La compétition des ARNs pour la RNase E, un mécanisme régulant leur dégradation et le métabolisme de l'énergie et du carbone dans la cellule – RECOM
Les capacités de biotransformation des cellules sont directement liées au métabolisme cellulaire. Le processus enzymatique de dégradation des ARN participe à la régulation du métabolisme en contrôlant l'expression des gènes de manière post-transcriptionnelle. Des milliers de molécules d'ARN sont susceptibles d'être dégradées en même temps dans la cellule et entrent en compétition pour les enzymes de la machinerie de dégradation. Ce mécanisme de compétition et son impact sur l'activité cellulaire n'ont jamais été étudiés auparavant. Dans le projet RECOM, nous caractériserons, pour la première fois, le mécanisme de compétition in vivo lorsque des milliers d'ARN différents entrent en compétition pour la fixation de la RNase E, enzyme qui initie la dégradation des ARN chez E. coli. Une approche d'enzymologie in vivo sera développée. Des perturbations dans la cellule des deux partenaires cinétiques, les substrats ou l'enzyme, en utilisant une série de mutants ciblés seront réalisées et les paramètres cinétiques apparents de la RNase E pour tous les ARN seront estimés par modélisation.

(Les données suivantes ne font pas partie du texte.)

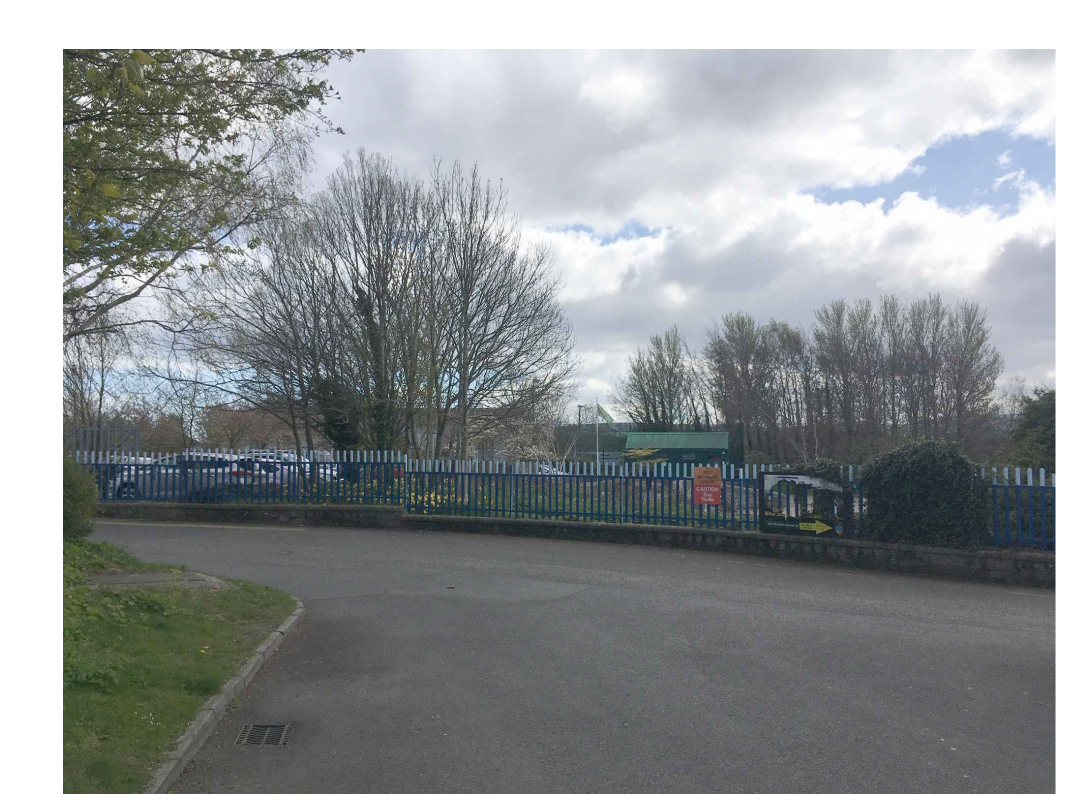
VIEW OF SITE FROM REAR/ NORTH O5 P04 SITE CONTEXT IMAGES
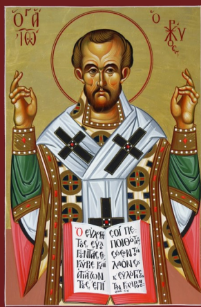
St. John Chrysostom

September 12: St. Guy of Anderlecht (1012) was a sacristan, and a wanderer: We honor all the Guys of St. Mary's County who carry his name.
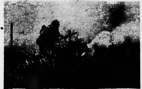
Completely demoralized by sniping from positions he cannot see and grenades thrown from invisible positions, this enemy soldier loses his head. Whether he intends to surrender or not, he's a perfect shot.
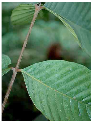
57 Guarea MELIACEAE
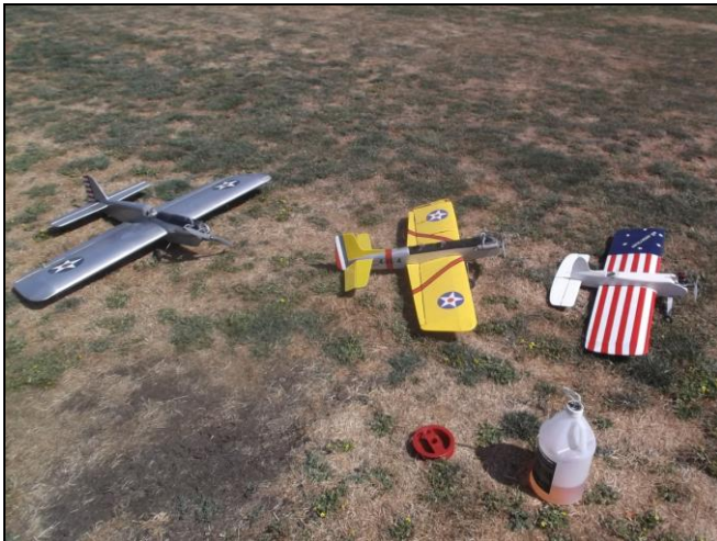
Dave's planes waiting
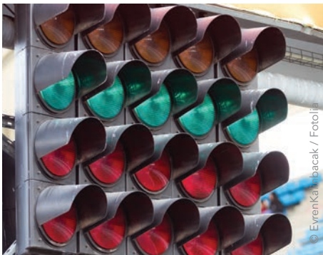
Telemetry & Network
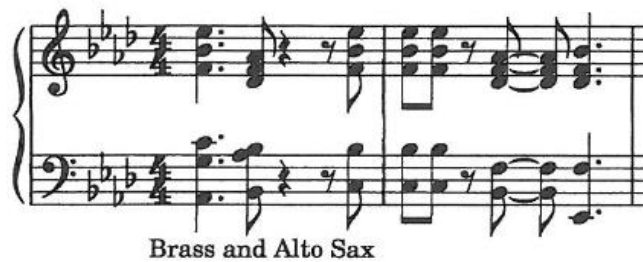
Figure 2. Quoted material used in “ Surrey with the Fringe on Top ” from 2:09 on Mel Tormé recording

As one can see, the quote in figure 2 is just two measures in length and is in the same key as the original. Paich keeps the rhythm and the melody the same but alters the harmony so that it fits more closely with the chord progression of “ Surrey with the Fringe on Top ”. It is worth noting that the quote also serves a functional role in establishing a new key. The Paich arrangement was pitched in G major until 2:09 on the recording when the “ Godchild ” quote is introduced, putting the new key in A flat major, which continues until the end of the piece.
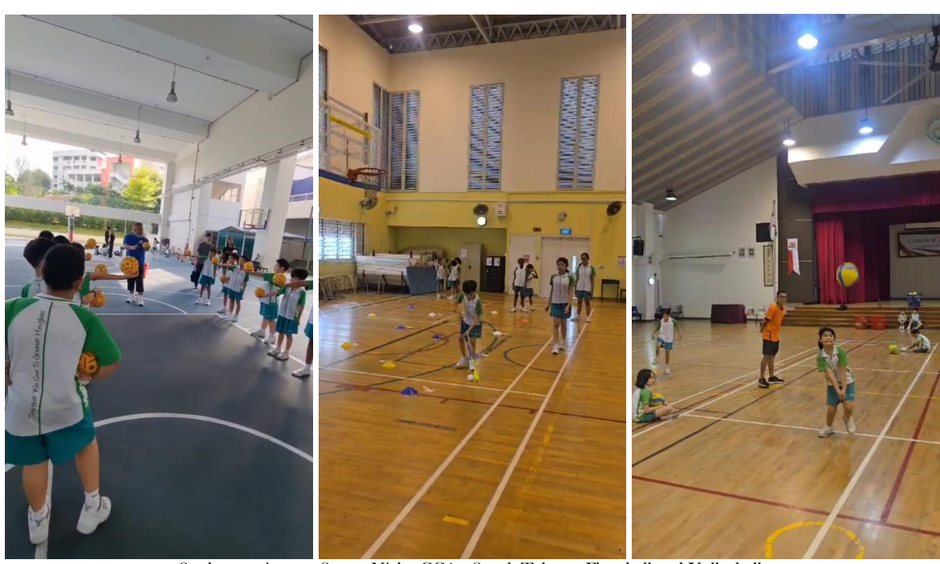
Students trying out Sports Niche CCA - Sepak Takraw, Floorball and Volleyball.

Primary 2 had their CCA Experienza on 8 October 2024. It allows students to explore and try out our Niche CCAs. The programme allowed students to explore our Niche CCAs. If the student is talent-spotted, he/she may receive an invitation to join a Niche CCA next year. For students who are not invited to join a Niche CCA, they will still enjoy a rich MCCA experience in Primary 3.
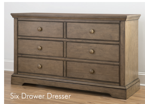
Six Drawer Dresser
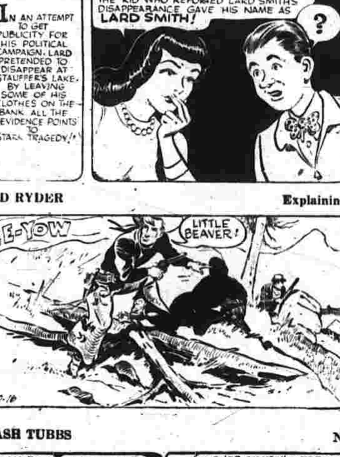
"I'm sorry I said some of the things I did, but..."
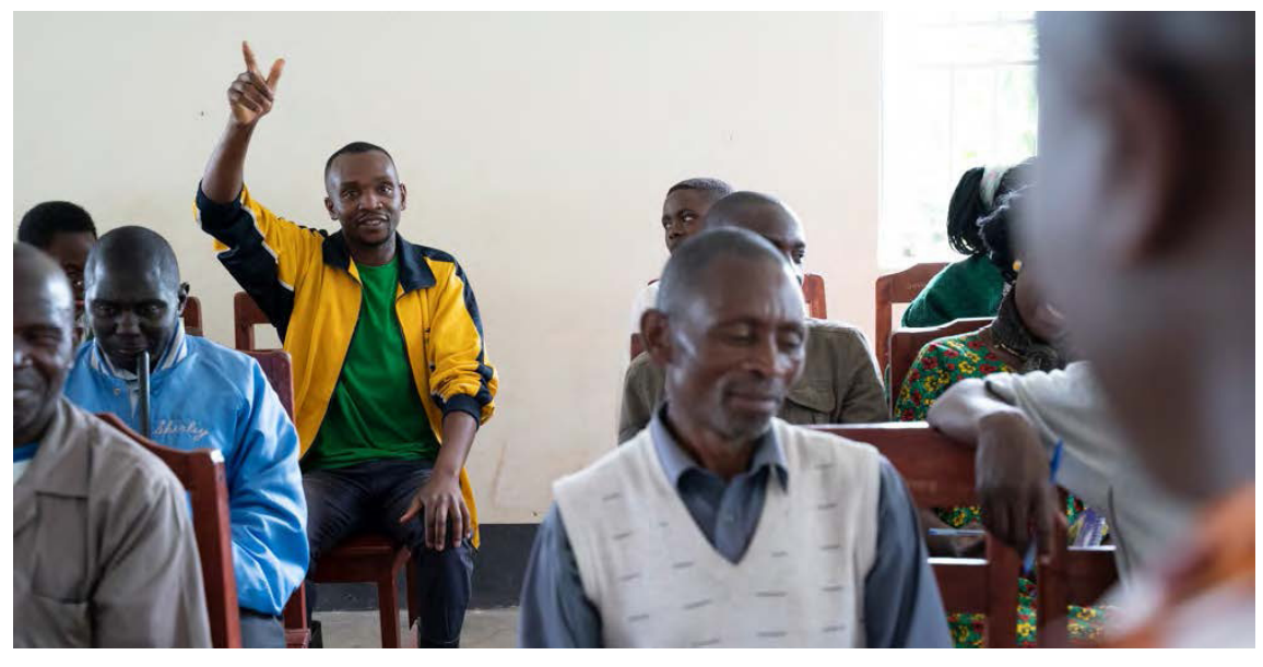
WP Uganda convening a policy influencing meeting with Team Leader of the Albert Water Management to discuss the Mpanga River in Mwenzori region.

More attention should have been given to context analyses and the convoluted policy-making context in Watershed countries: Four of the country WPs (India, Bangladesh, Mali & Kenya) mentioned initial difficulty navigating the competing legislation and mandates of different governmental bodies at national and local levels and the fragmentation of government departments. For example, in Kenya, CSOs reported difficulty navigating the competing mandates of the National and County Government under the new Water Act (2016), as it was difficult to determine which departments were responsible for monitoring WASH and WRM services. In Mali and India, the WPs highlighted initial difficulty in targeting the governmental actors involved in WASH & IWRM due to the large number, and fragmentation of, governmental departments. However, the WPs have gained a greater understanding of the policy-making context and navigated these challenges well and have thus been very successful at holding service providers to account, as evidenced by their harvested outcomes.

En explorant la stabilité des ARN à l'échelle du génome, le projet remettra en question le dogme des ARN stables et instables. Afin de quantifier comment la compétition des ARN pour leur dégradation affecte l'activité des cellules d'E. coli, les métabolismes de l'énergie et du carbone seront minutieusement caractérisés par la mesure de la croissance, des métabolites et des données quantitatives intracellulaires multi-omiques. Le projet révélera le compromis cellulaire pour l'allocation des ressources intracellulaires entre la dégradation des ARN, les métabolismes du carbone et de l’énergie et fournira ainsi la première vision globale du métabolisme bactérien. Cette nouvelle vision des mécanismes régissant la vie bactérienne pourrait ouvrir la voie à de nouvelles stratégies en biotechnologie basées sur la modulation de la dégradation des ARN pour optimiser l'activité cellulaire.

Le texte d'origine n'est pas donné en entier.